#  Speed Loss Calculation Explanation [KI]

This article has been written to better explain how speed loss should be calculated for a piece of equipment or line. The calculation of speed loss can be slightly confusing and to ensure that it is done correctly consider the following example:

In a 480 minute shift :

On a machine rated at 100 products output per minute

Maximum output = 480 mins x 100 units = 48000 units

Shift info:

Output (Good Production)                                 = 32000 units

Speed                                                                = 98 units per minute

Planned downtime                                             = 82 mins

Bottleneck loss due to B/down                          = 30 mins

Bottleneck loss due to minor stops                   = 28.66 mins

Rejects (in process)                                           = 1255 in 8 hr shift

In reality only 32000 good units were produced compared to a maximum of 48000 which equates to a total loss of (48000-32000)/48000 = 33.3%. The relevant Losses can be calculated as follows:

Breakdown                     = 30/480                               = 6.25%

Planned downtime         = 82/480                               = 17.08%

Minor Stops                   = 28.66/480                         = 5.97%

Rejects                           = (1255/98)/480                = 2.67%

It seems quite logical to assume that the Speed Loss can be calculated as (100-98)/100 = 2%.

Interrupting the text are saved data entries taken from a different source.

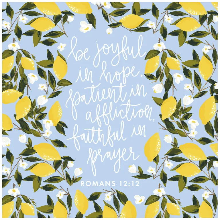 Squeeze some inspiration out of everyday moments with this fun puzzle from Mary Square. Hallmark exclusive puzzle includes 750 pieces and provides hours of fun and relaxation as you put it together. Jigsaw puzzle features pretty lemons, leaves and flowers surrounding a Scripture verse from Romans 12:12. A mini poster of the design is also included in the fun, cylindrical puzzle packaging.
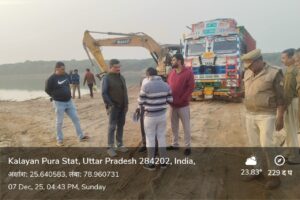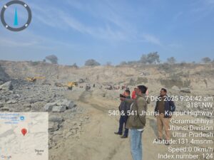 जिलाधिकारी के निर्देशानुसार जनपद-झॉसी में अवैध खनन/परिवहन पर प्रभावी कार्यवाही हेतु गठित तहसील स्तरीय टास्क फॉर्स टीम (राजस्व विभाग, पुलिस विभाग, वन विभाग एवं खनिज विभाग) द्वारा दिनांक 07 दिसम्बर 2025 को जनपद झांसी की तहसील-टहरौली स्थित ग्राम कुकरगांव में नदी तल में संचालित बालू/मोरम के खनन पट्टे का आकस्मिक निरीक्षण किया गया। प्रश्नगत क्षेत्र में खनन पट्टा क्षेत्र में मशीन द्वारा खनन कार्य करते पाये जाने पर सम्बन्धित पट्टाधारक के विरुद्ध नियमानुसार कार्यवाही की जा रही है।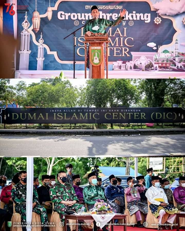 DUMAI - Walikota Dumai, H. Paisal, SKM, MARS menghadiri Groundbreaking Ceremoni Pembangunan Dumai Islamic Center (DIC), yang berlokasi di Halaman DIC, Jl. H.R. Soebrantas, Jumat (27/08).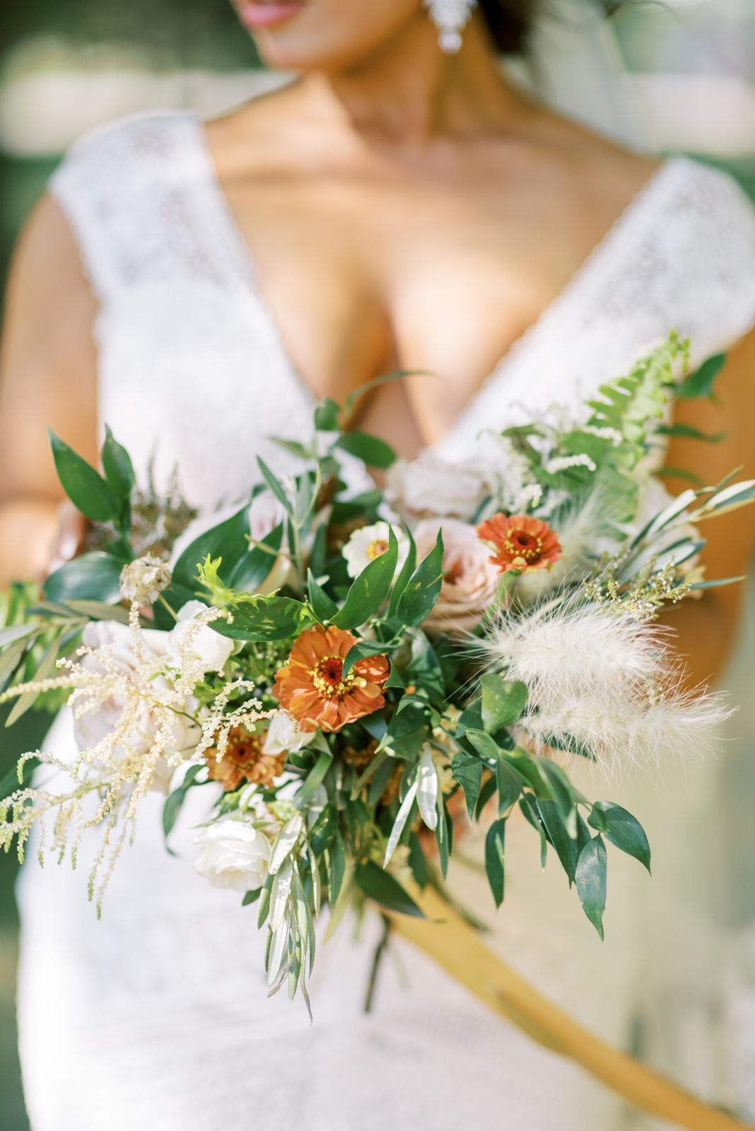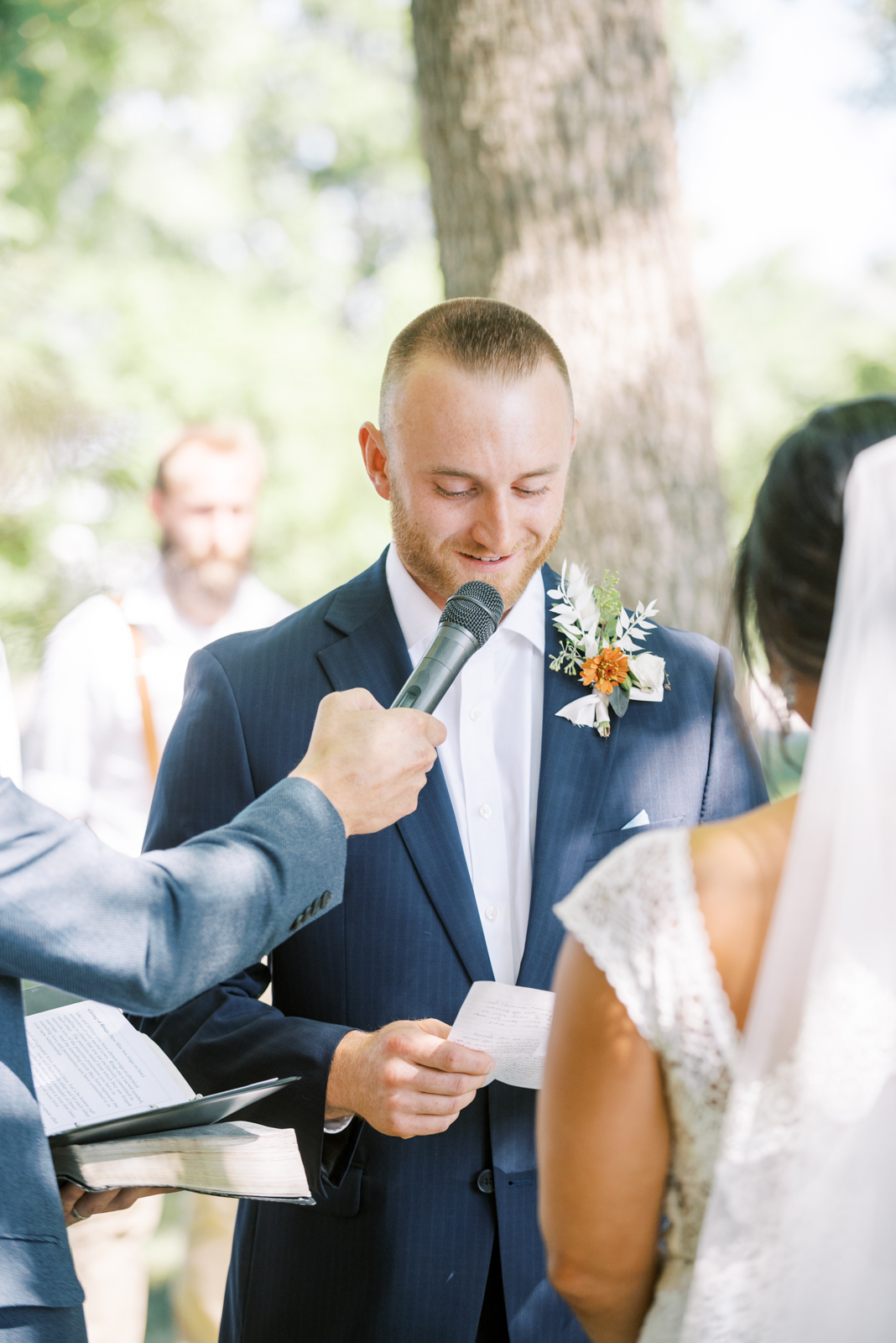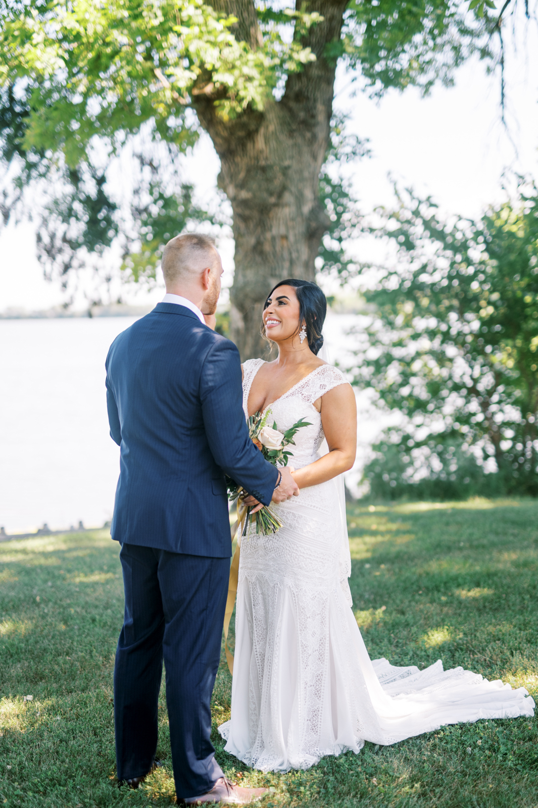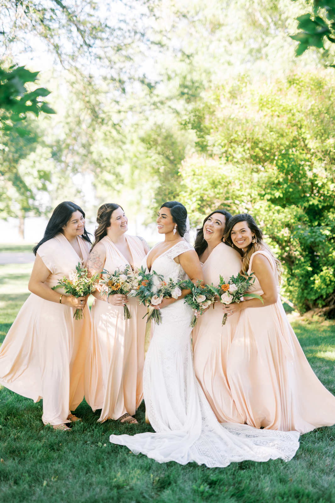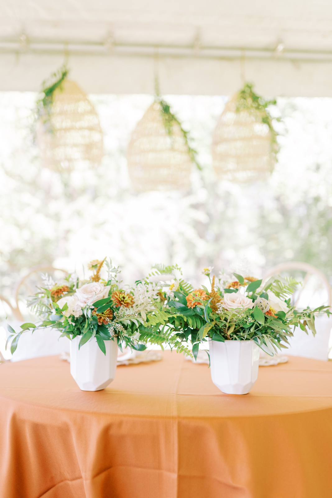 Gorgeous lake views, warm terracotta tones, and boho-chic elegance – what more could you want for a sweet, summery picnic wedding? Hillary and Jake celebrated their love on a sun-soaked August day, surrounded by their closest loved ones, and, boy, was it a bash for the books! Summer from Orange Door Weddings helped these two weave incredibly intentional and memorable details into every detail of their day, like wedding programs perfectly displayed on woven fans for guests to both read and cool themselves during the ceremony, adorable, intimate wine picnic setups spread out throughout the grounds for a little cocktail hour relaxation, rattan chairs and wicker chandeliers for a statement-making sweetheart table, a pretty-in-peach cutting cake from Meringue Bakery & Cafe, and more! Beautifully captured by BearMoose&Fox, dive into all the dreamy inspiration Hillary and Jake’s wedding day brought below.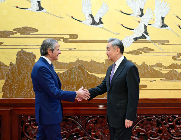 中共中央政事局委员、酬酢部长王毅26日在北京会见外洋原子能机构总劳动格罗西。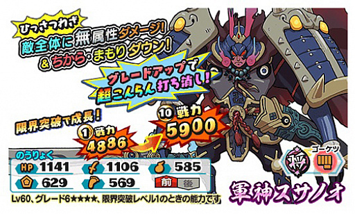 バトル開始後すぐに発動するとりつきや敵全体に無属性ダメージを与えるひっさつわざなど扱いやすい妖怪。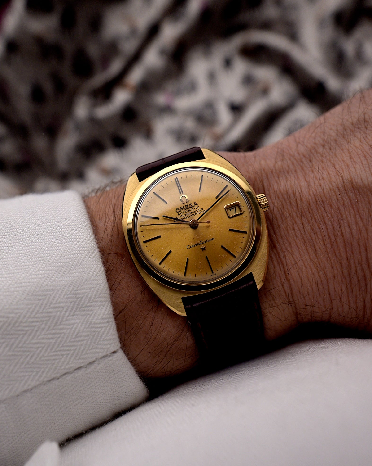 Well-proportioned, simple, and classic, this Constellation features a screw-down case back, Omega automatic chronometer Caliber 561.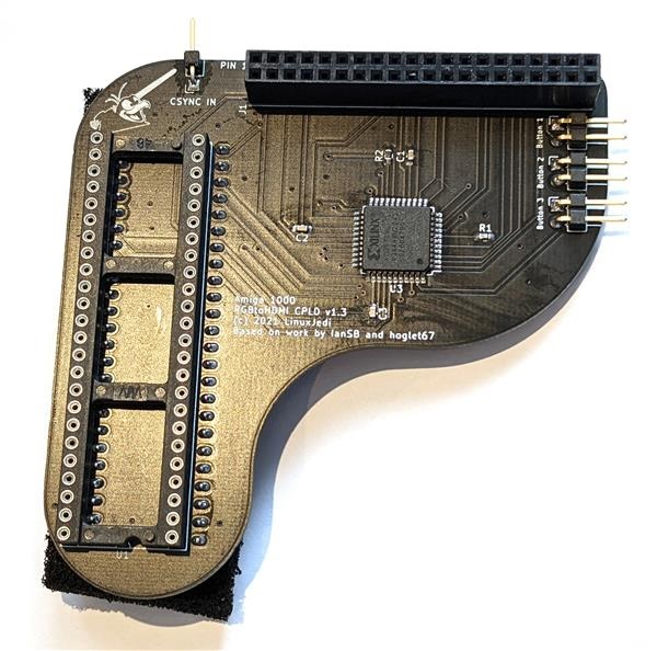 But there’s a problem: RGB2HDMI was designed for 3-bit (8 colors) RGB output, not 12-bit (4096 colors) like the Amiga. However, there are now options to make it work with 12-bit color systems. Specifically, I can build this Amiga 1000 CPLD Adapter that takes the necessary signals from the Denise video chip, syncs them, and feeds them to the onboard Pico running the RGB2HDMI image. No power supply and minimal soldering are required.

This would then equate to a total loss of 6.25+17.08+5.97+2.67+2.00 = 33.97%. This is incorrect as the total loss should equate to 33.3%. By calculating speed loss in this way it is assumed that the machine is running all the time and since we know that it is not, it is double allocating the loss. Speed Loss is only relevant when the machine is actually running and producing good product. Therefore to ensure that the losses are not double allocated, the following equation should be used to calculate speed loss:

(Good Output / Ave speedxTotal production time) – (Good Output / Rated speedxTotal production time).

In this example the actual speed loss is (32000/47040) – (32000/48000) = 1.36%.

If all the losses are now added together the total is 6.25+17.08+5.97+2.67+1.36 = 33.3%. This is equal to the total loss calculated above.

Therefore in Summary:

• Speed loss is only relevant when the machine is running and producing good product.
• Speed loss should be calculated using the formula: (Good Output / Ave speedxTotal production time) – (Good Output / Rated speedxTotal production time. This ensures that the loss is not double allocated.